▶ **Data segment**:
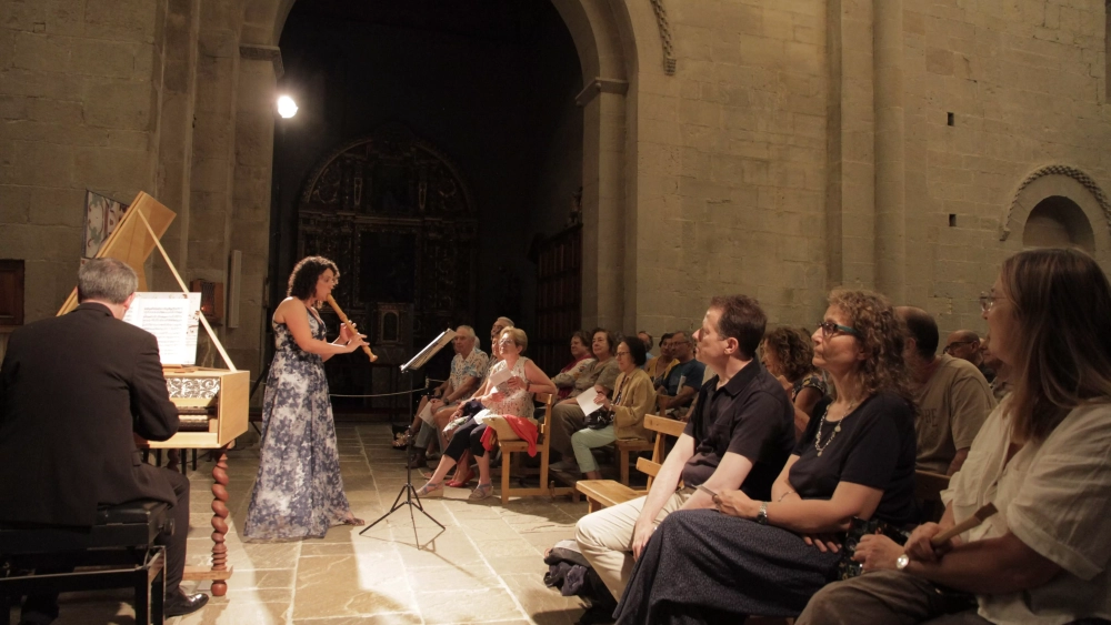 Tamar Lalo, flautista de pico israelí, ha actuado el viernes en la iglesia de Santa María de Santa Cruz de la Serós en una estupenda interpretación dentro del Festival Internacional en el Camino de Santiago con el aragonés Alfonso Sebastián (clavecinista) y un repertorio de Giuseppe Sammartini, comositor barroco. La música es cofundadora de La Ritirata, con la que el año pasado interpretó dentro de este festival en la iglesia de San Martín de Hecho.
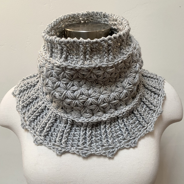 Soft as a winter whisper and delicately textured with the Jasmine stitch, the Whisperfrost Cowl brings together quiet elegance and cozy warmth.
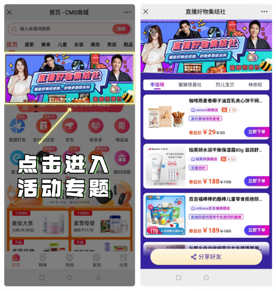 好单库CMS【直播集结社】专题汇聚李佳琦、林依轮、烈儿宝贝、蜜蜂惊喜社等人气直播间,每天更新人气爆棚好物,消费者不需再蹲守直播间也能领券低价入手,各位淘客只需一键快速推,佣金轻松赚~
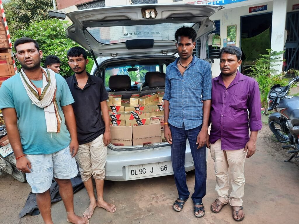 सूचना पाते ही थानाध्यक्ष खुद मय पुलिस बल के साथ चितविश्राव गांव के समीप घेरावन्दी कर दी उसी क्रम में यूपी के तरफ से वैगनार कार जिसका नं डीएल 9 सिटी 4669 आते दिखायी दी तो उसे जांच के लिये रोका। गाड़ी रोकते ही उसमे बैठे दो युवक भागने की कोशिश करने लगे जिनको बिहार पुलिस के जवानों ने दौड़ाकर पकड़ लिया। अभी कार को पकड़ने वाली प्रक्रिया चल ही रही थी कि बाइक पर सवार दो युवक शराब लेकर पहुच गये हालांकि दूर से पुलिस को देख भागने की कोशिश किये मगर सफल नही हुये। पकड़े गये कार व बाइक से 242 बोतल कीमती अफसर चॉइस,10 कार्टन बीयर,12 बोतल 8 पीएम,12 बोतल रॉयल स्ट्रांग व 52 बोतल मैक डावल की कीमती अंग्रेजी शराब निकला। गाड़ी से शराब निकलते दोनो युवकों को गिरफ्तार कर लिया गया। गिरफ्तार युवकों में यूपी के बनकटा थानाक्षेत्र के पण्डितपुरा गांव निवासी रामबचन यादव का पुत्र उमेश यादव, पचरुखी थानाक्षेत्र के पड़ौली गांव निवासी गांधी सिंह का पुत्र मंटू कुमार, दरौंदा थानाक्षेत्र के मछौता गांव निवासी मनदेव यादव का पुत्र जितेंद्र यादव व इसी गांव के बद्री यादव का पुत्र गेनालाल यादव शामिल है। थानाध्यक्ष ने बताया शराब के साथ पकड़े गये चारों युवकों के खिलाफ प्राथमिकी दर्ज कर न्यायायिक हिरासत में भेजा जा रहा है।

▶ **Aim of the exercise**:
Please reproduce the material above word for word, without its images.

▶ **Task solution**:
 Tamar Lalo, flautista de pico israelí, ha actuado el viernes en la iglesia de Santa María de Santa Cruz de la Serós en una estupenda interpretación dentro del Festival Internacional en el Camino de Santiago con el aragonés Alfonso Sebastián (clavecinista) y un repertorio de Giuseppe Sammartini, comositor barroco. La música es cofundadora de La Ritirata, con la que el año pasado interpretó dentro de este festival en la iglesia de San Martín de Hecho.
 Soft as a winter whisper and delicately textured with the Jasmine stitch, the Whisperfrost Cowl brings together quiet elegance and cozy warmth.
 好单库CMS【直播集结社】专题汇聚李佳琦、林依轮、烈儿宝贝、蜜蜂惊喜社等人气直播间,每天更新人气爆棚好物,消费者不需再蹲守直播间也能领券低价入手,各位淘客只需一键快速推,佣金轻松赚~
 सूचना पाते ही थानाध्यक्ष खुद मय पुलिस बल के साथ चितविश्राव गांव के समीप घेरावन्दी कर दी उसी क्रम में यूपी के तरफ से वैगनार कार जिसका नं डीएल 9 सिटी 4669 आते दिखायी दी तो उसे जांच के लिये रोका। गाड़ी रोकते ही उसमे बैठे दो युवक भागने की कोशिश करने लगे जिनको बिहार पुलिस के जवानों ने दौड़ाकर पकड़ लिया। अभी कार को पकड़ने वाली प्रक्रिया चल ही रही थी कि बाइक पर सवार दो युवक शराब लेकर पहुच गये हालांकि दूर से पुलिस को देख भागने की कोशिश किये मगर सफल नही हुये। पकड़े गये कार व बाइक से 242 बोतल कीमती अफसर चॉइस,10 कार्टन बीयर,12 बोतल 8 पीएम,12 बोतल रॉयल स्ट्रांग व 52 बोतल मैक डावल की कीमती अंग्रेजी शराब निकला। गाड़ी से शराब निकलते दोनो युवकों को गिरफ्तार कर लिया गया। गिरफ्तार युवकों में यूपी के बनकटा थानाक्षेत्र के पण्डितपुरा गांव निवासी रामबचन यादव का पुत्र उमेश यादव, पचरुखी थानाक्षेत्र के पड़ौली गांव निवासी गांधी सिंह का पुत्र मंटू कुमार, दरौंदा थानाक्षेत्र के मछौता गांव निवासी मनदेव यादव का पुत्र जितेंद्र यादव व इसी गांव के बद्री यादव का पुत्र गेनालाल यादव शामिल है। थानाध्यक्ष ने बताया शराब के साथ पकड़े गये चारों युवकों के खिलाफ प्राथमिकी दर्ज कर न्यायायिक हिरासत में भेजा जा रहा है।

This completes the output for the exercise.